She answered gently, “I will, Robert. You know I love

you, although sometimes I wonder why … And, Robert, write to

your children. You know you’re not being fair to them. If you

don’t want them to know where you are, send the letters to me and

I’ll send them from New York. But, please, write them before you

lose them. Goodbye, caro, ti voglio bene.” With those words “Goodbye,

darling, I want you very much” she hung up softly.

I sat back and thought about my children, yearning for

them for the first time in weeks. My oldest, Robin, had

everything going for her. She was twenty-three years old,

exceptionally pretty with jet-black hair and blue eyes, very

bright and gentle and ladylike in her manner. She had started

medical school in July at New York University and was looking

forward to a career in pediatrics. My second child, Andrew, was

twenty-one and was a business major at the University of

Pennsylvania. He hoped to attend Wharton School of Business

there when he graduated next year. Andrew was tall, blonde and

extremely studious and mature in his manner. We always joked

that he was grown up at age ten. Sometimes when I was around

him, I felt like he was my father and that I had to worry about

misbehaving in his presence. I was proud of his no-nonsense

demeanor. He seemed to me to be what I really wanted to be. My

youngest, Gary, was a gregarious, popular, good-looking boy who

was a male version of Robin in looks. Gary was nineteen and

starting his second semester at Hofstra University in Hempstead,

Long Island. Although he was on the short side, he was muscular

and highly athletic. At present, in his sophomore year, he

played on the varsity baseball squad and ran the mile in track.

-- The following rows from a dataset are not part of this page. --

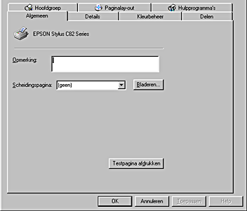 Als EPUSBx: (EPSON Stylus C82) wordt weergegeven in de keuzelijst Afdrukken naar de volgende poort (Print to the following port), dan zijn de printerdriver voor de USB-printer en de printersoftware goed geïnstalleerd. Als de juiste poort niet is geïnstalleerd, gaat u door met de volgende stap.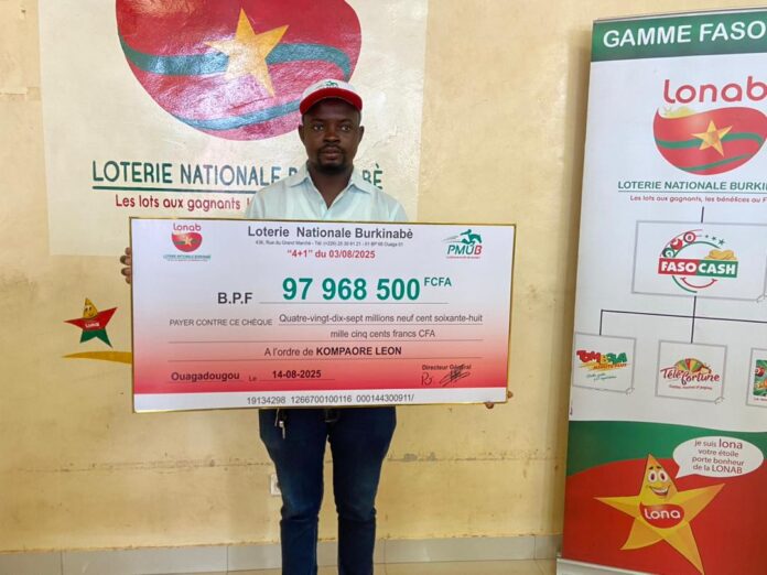 Le conseiller technique, représentant le directeur général de la Loterie nationale burkinabè (LONAB), Eugène Thiombiano, a procédé, ce 14 août 2025 à Ouagadougou, à la remise officielle d’un gros lot à l’heureux gagnant de 97.968.500 F CFA, Léon Kompaoré.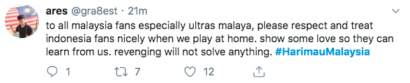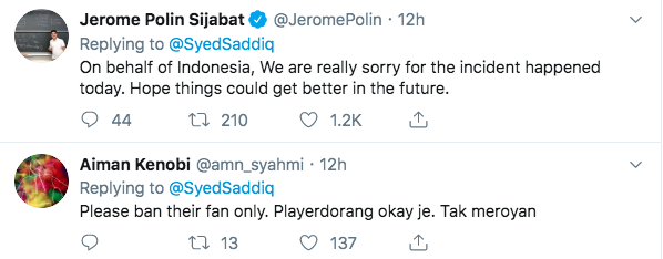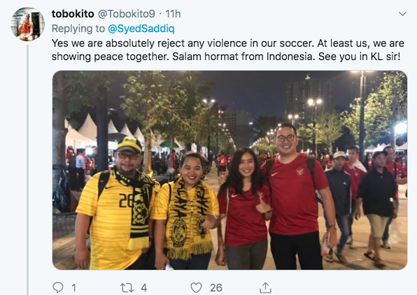 Several Indonesian fans have responded to the Syed’s Twitter statements, apologizing for the behavior of the reprehensible few, saying that it was some fans only, with one user even posting a side-by-side photo of Malaysia and Indonesia fans together and smiling.
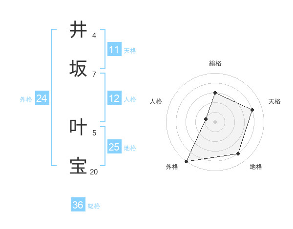 井坂 叶宝さんを姓名の画数から五運を鑑定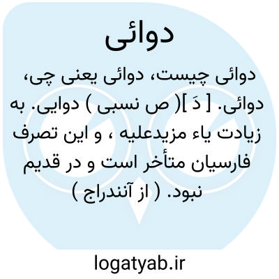 دوائی. [ دَ ]( ص نسبی ) دوایی. به زیادت یاء مزیدعلیه، و این تصرف فارسیان متأخر است و در قدیم نبود. ( از آنندراج ) ( از غیاث ). منسوب به دوا. طبی. ( ناظم الاطباء ). دارویی. منسوب و مربوط به دوا. که خاصیت دارو دارد. رجوع به دارویی شود. || معتاد به الکل. الکلی.
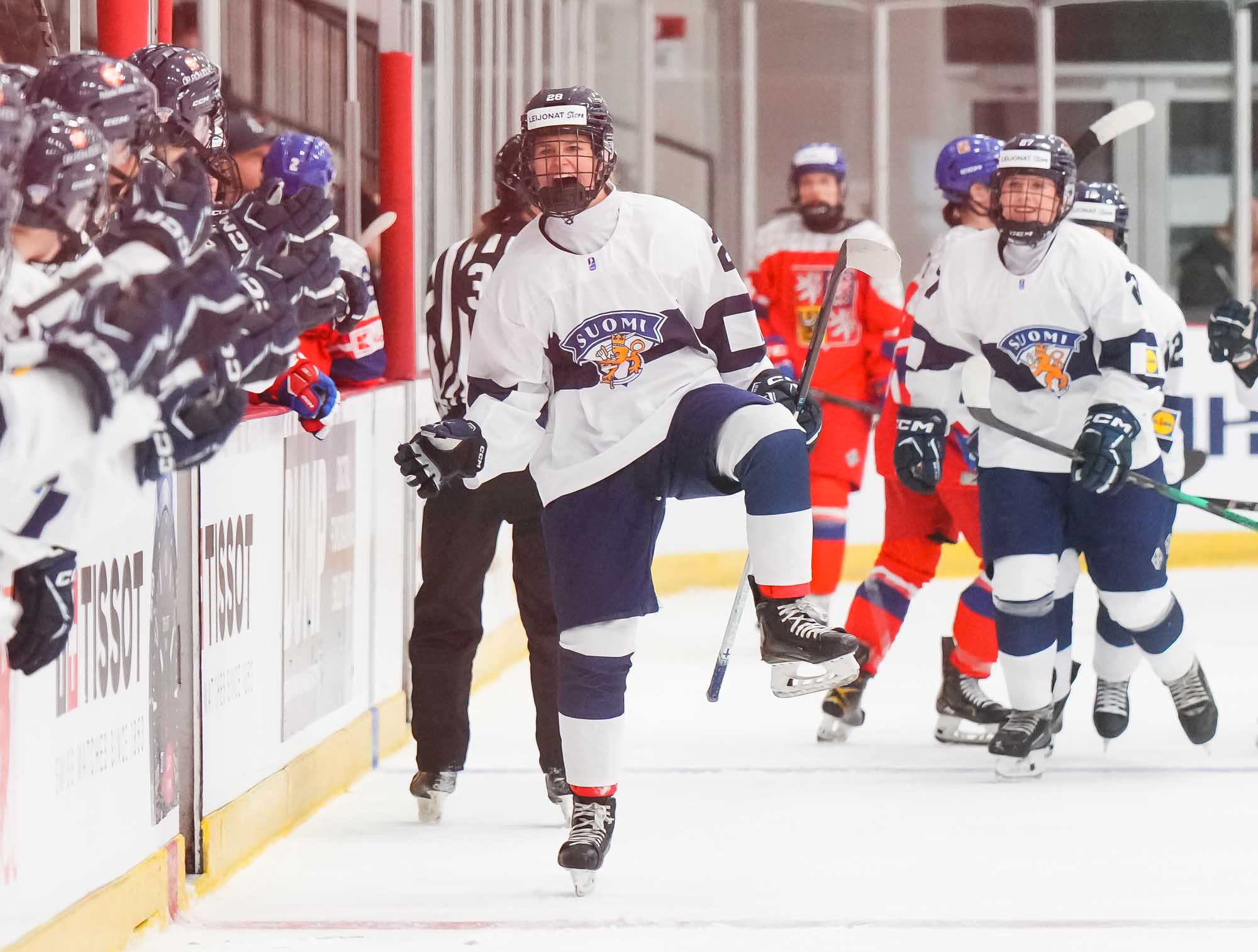 Tereza Gildainova and Adele Mynarikova scored twice for the Czechs and five other players chipped in as the bronze medalists from 2025 joined the defending silver medalists from the United States at the top of the Group B standings. Tinja Tapani scored the only goal for the Finns, and defender Neea Ketola was named Finland's best player of the game.

When last seen, he claimed to be pre-law, but his career choice

changed daily. Scholastically, Gary was as mediocre as the other

were excellent. He was still the kind of boy, however, that

people marked for future success. I knew that if anyone was

hurting from my antics, it was Gary. Athletics brought us very

close together. When he was young, we always played at sports

together. In recent years, we talked sports incessantly like two

tavern buddies. He had to miss me the most.

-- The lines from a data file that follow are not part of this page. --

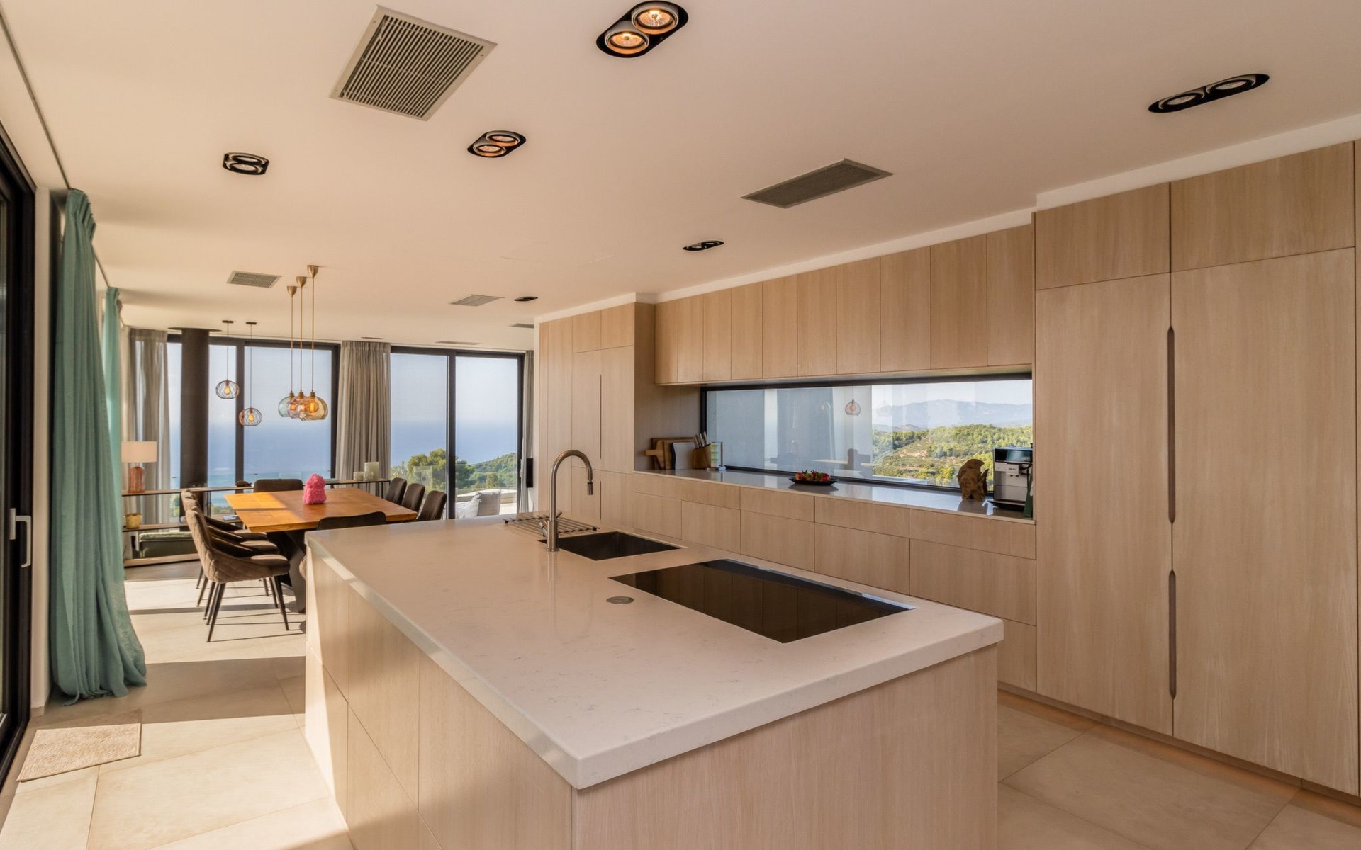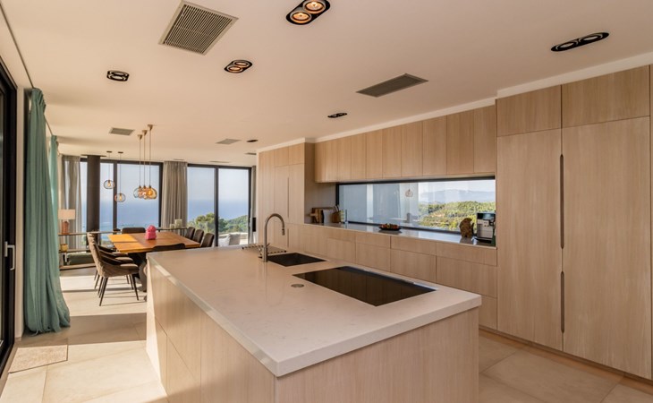 The living and dining area extends over two open-plan levels. The upper area with a large kitchen, cooking block and dining table opens onto the partially covered terrace with dining table, cosy lounge area and an infinity pool. The lower level is divided into two areas - the cosy sofa corner with coffee table and TV and the comfortable armchairs, where you can enjoy the cosy warmth of the free-hanging fireplace on cooler days. The terrace partially surrounds the house, so you can find a pleasant spot in the sun or shade at any time of day. The open-plan kitchen offers a view of the terrace and pool area through the floor-to-ceiling windows, as well as the open sea as far as the horizon.
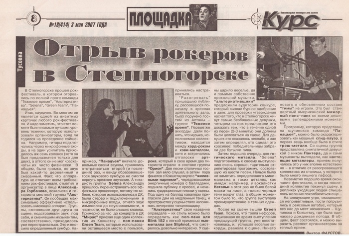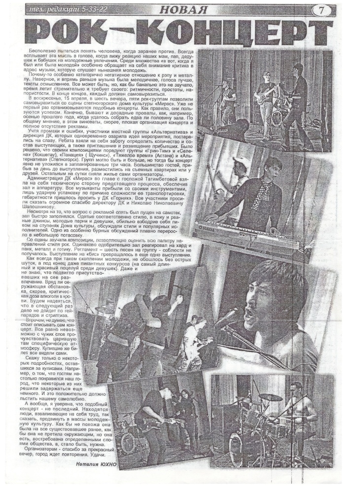 Как и в Щучинске, к местному ДК начал стекаться народ, о котором даже черканули несколько заметок местные журналисты, уж очень они были под впечатлением разнузданного вида музыкантов и их фанатов. Остался час до начала концерта, а нашего басиста было не видать… Мы начали паниковать и злиться. Наконец, как ни в чем не бывало, он приехал с панками из Кокшетау. Мы выдохнули.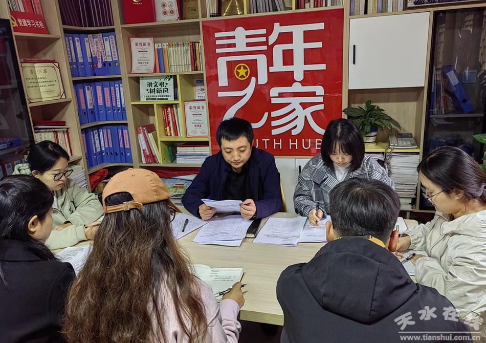 共青團(tuán)秦州區(qū)委召開會議,專題學(xué)習(xí)黨的二十大精神。會議要求,團(tuán)區(qū)委干部要把學(xué)習(xí)貫徹黨的二十大精神作為當(dāng)前和今后一個時期的首要政治任務(wù),精心組織、周密部署,對黨的二十大精神先學(xué)一步、深學(xué)一層;要充分發(fā)揮青年大學(xué)堂、青年講師團(tuán)、主題團(tuán)(隊(duì))課載體作用,用青少年喜聞樂見的方式做好黨的二十大精神的“青年化”闡釋,在全區(qū)團(tuán)員青年中迅速掀起黨的二十大精神學(xué)習(xí)熱潮;要以抓好縣域共青團(tuán)基層組織改革工作為契機(jī),主動作為,擔(dān)當(dāng)盡責(zé),充分發(fā)揚(yáng)黨有號召團(tuán)有行動的優(yōu)良傳統(tǒng),將黨的二十大精神貫徹到工作全過程,以昂揚(yáng)向上的精神和奮發(fā)有為的干勁推動團(tuán)區(qū)委事業(yè)高質(zhì)量發(fā)展。

I made a mental note to drop a line to all three of them

and either send the letters to Ann Marie or mail them directly.

I didn’t, however, and filed it in my mind for future reference.

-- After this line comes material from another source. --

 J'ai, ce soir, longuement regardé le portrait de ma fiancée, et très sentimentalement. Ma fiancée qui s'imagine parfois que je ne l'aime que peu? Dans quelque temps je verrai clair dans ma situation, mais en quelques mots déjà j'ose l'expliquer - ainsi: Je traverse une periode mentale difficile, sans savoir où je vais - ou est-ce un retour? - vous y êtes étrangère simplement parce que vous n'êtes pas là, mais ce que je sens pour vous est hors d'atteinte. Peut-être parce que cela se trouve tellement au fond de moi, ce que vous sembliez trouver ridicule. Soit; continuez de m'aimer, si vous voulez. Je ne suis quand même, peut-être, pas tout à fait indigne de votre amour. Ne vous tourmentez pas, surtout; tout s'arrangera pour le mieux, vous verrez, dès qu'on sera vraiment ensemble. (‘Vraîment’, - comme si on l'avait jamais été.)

I looked in the mirror, straightened myself, and decided

to take a long walk. I stepped out into Brook Street and

marvelled at the section of London that is Mayfair. I truly do

not think there is another district in any city of the world that

compares. Mayfair is a section roughly bounded by Hyde Park on

the west, Oxford Street on the north, Bond Street on the east,

and Picadilly on the south. I have, in my time, walked every

block in Mayfair and even some of the back alleys. The American

Embassy is located in Mayfair and its modern-style construction

is contrary to the general architecture of the rest of the

neighborhood. It is across from Grosvenor Square, in which

stands a magnificent statue of Franklin D. Roosevelt. The

neighborhood is a mixture of luxury brownstones, fine hotels,

embassies, offices, and expensive shops. Oxford Street on the

north is absolutely the opposite. It is dirty, noisy, blustery,

and its image is definitely cheapside. When you take two steps

south to Mayfair, it’s like walking into Oz. I decided to walk

east to the theater district and try to get tickets for something

to fill the coming evening. I walked up Brook to Bond Street

before turning right towards Picadilly and drank in the sights of

Mayfair. The women were elegant and well-turned-out, the men

dressed impeccably, and some wore the traditional bowler hat and

carried the mandatory “brally” (umbrella). I turned right on

Bond Street and browsed the shop windows. Bond Street is where

most of the fine clothing shops are. One walks from New Bond

Street into Old Bond Street which terminates at Burlington

Arcade, which is kind of a mini-shopping mall except that it

looks like a well-lit, ornate tunnel with shop entrances on

either wall. Both Bond Street and the Arcade are filled with

interesting shops. There are designer clothing shops, bespoke

tailors, coin collections, unicorn collections, and even a shop

that deals in nothing but buttons, brass, and otherwise. The

dollar, in 1985, was in pretty good shape and the exchange rate

was fairly good. It was about a dollar and a quarter to the

pound. The converted prices in the Bond Street stores, despite

this, still looked rather outrageous to me. I exited the south

side of the Arcade into Picadilly. I decided to detour to my

favorite shirt shops, Turnbull and Asser and Hilditch and Key,

which are located on opposite corners of Jermyn Street, just

south of Picadilly. I have, through my professional career, been

a kind of a clothes nut. British clothes have been my passion.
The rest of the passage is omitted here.